Say to God, “How awesome are your deeds! So great is your power that your enemies cringe before you (Ps 66:3).
For many years the Church has sung of God’s greatness, but in recent years it seems that there has been an explosion of songs that extol this virtue. While we used to sing only “How Great Thou Art” and “I Sing the Mighty Power of God,” we now regularly hear “How Great is Our God,” “Our God is an Awesome God” and “Great and Mighty Is the Lord Our God.” (Those who are more conversant with contemporary Christian music will realize quickly that I am not because there are likely many newer songs even than these!)
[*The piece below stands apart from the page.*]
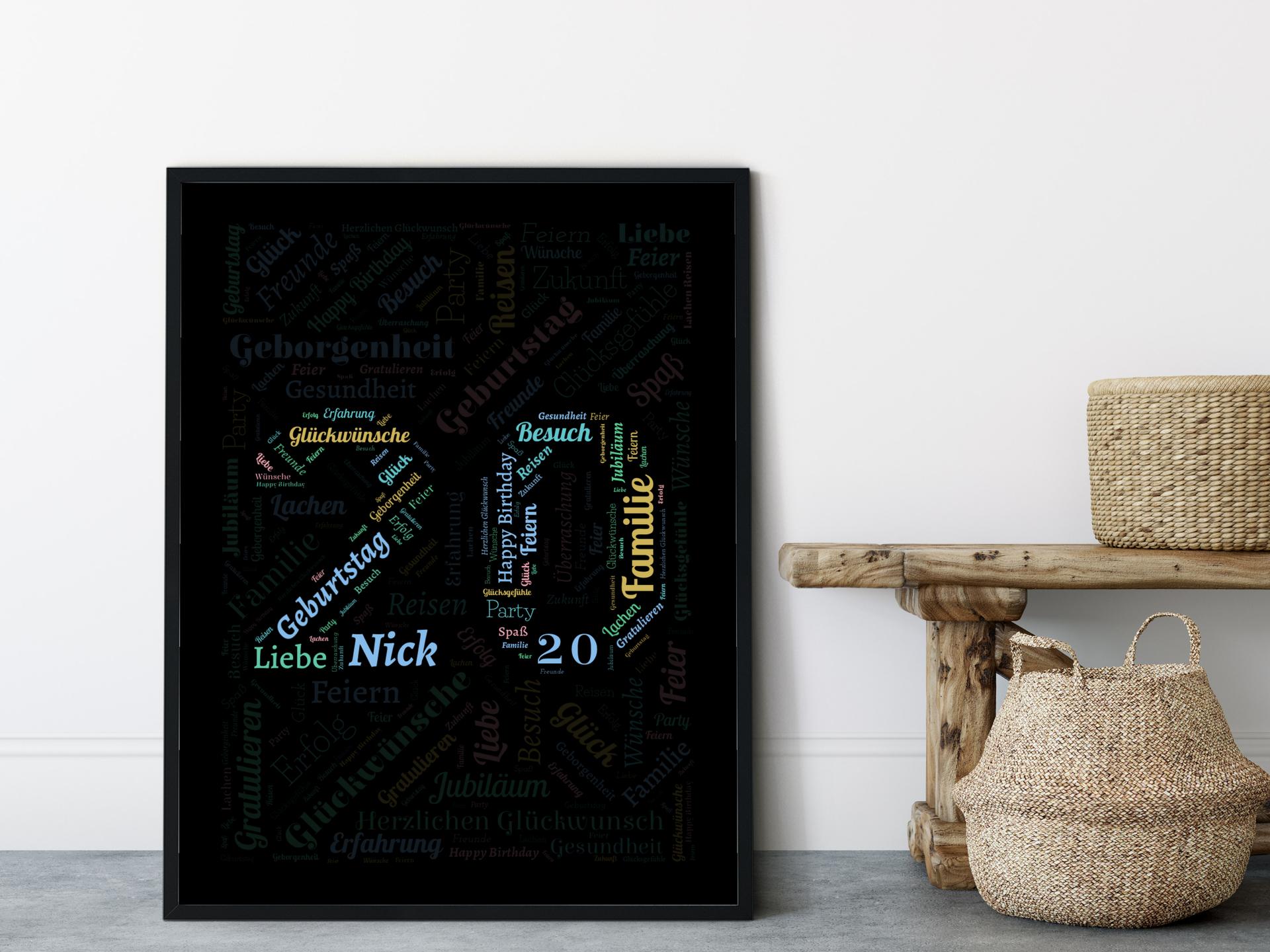 Das perfekte Geschenk zum Geburtstag. Wähle deine persönlichen Wörter und Glückwünsche und gestalte ein Kunstwerk mit dem Alter des Geburtstagskindes. Wähle Text, Form und Farben. Perfekt geeignet als Geschenk.

There is nothing wrong or theologically false about these songs, and I don’t want to suggest that there is, but let us not be duped into believing that everyone who sings them is a believer in Jesus. The text that I quoted above makes it clear that just to see the awesome power of God does not always elicit a response of true worship and repentance. In fact, one English translation (NASB) says that, upon seeing His power, God’s enemies will give “feigned obedience” to Him.
When I read that phrase recently, my thoughts carried me to those many times when at a public funeral the audience would sing “Amazing Grace,” even though clearly there were plenty that did not believe in that grace or that they needed it themselves. Yet these people will be shown singing His praise fervently, as if to suggest that they really did believe it. I think that’s what the Psalmist meant by “feigned obedience.”
It is interesting that most of these songs that extol the greatness of the Creator fail to mention the cross of our Lord Jesus Christ. Perhaps it is difficult to weave the two themes together. Often when we praise His greatness it is because we are awestruck by some aspect of His creation while the theme of redemption necessarily must bring out our sinfulness and the cross as the answer. Both, though true, are tough to combine.
But this gives the pseudo-Christians an opportunity to offer their praise at a distance, without becoming uncomfortable by the mention of the cross and their sin. Perhaps these were in our Lord’s mind when He told the crowd, “Not everyone who says to me, ‘Lord, Lord,’ will enter the kingdom of heaven, but only he who does the will of my Father who is in heaven” (Matt 7:21).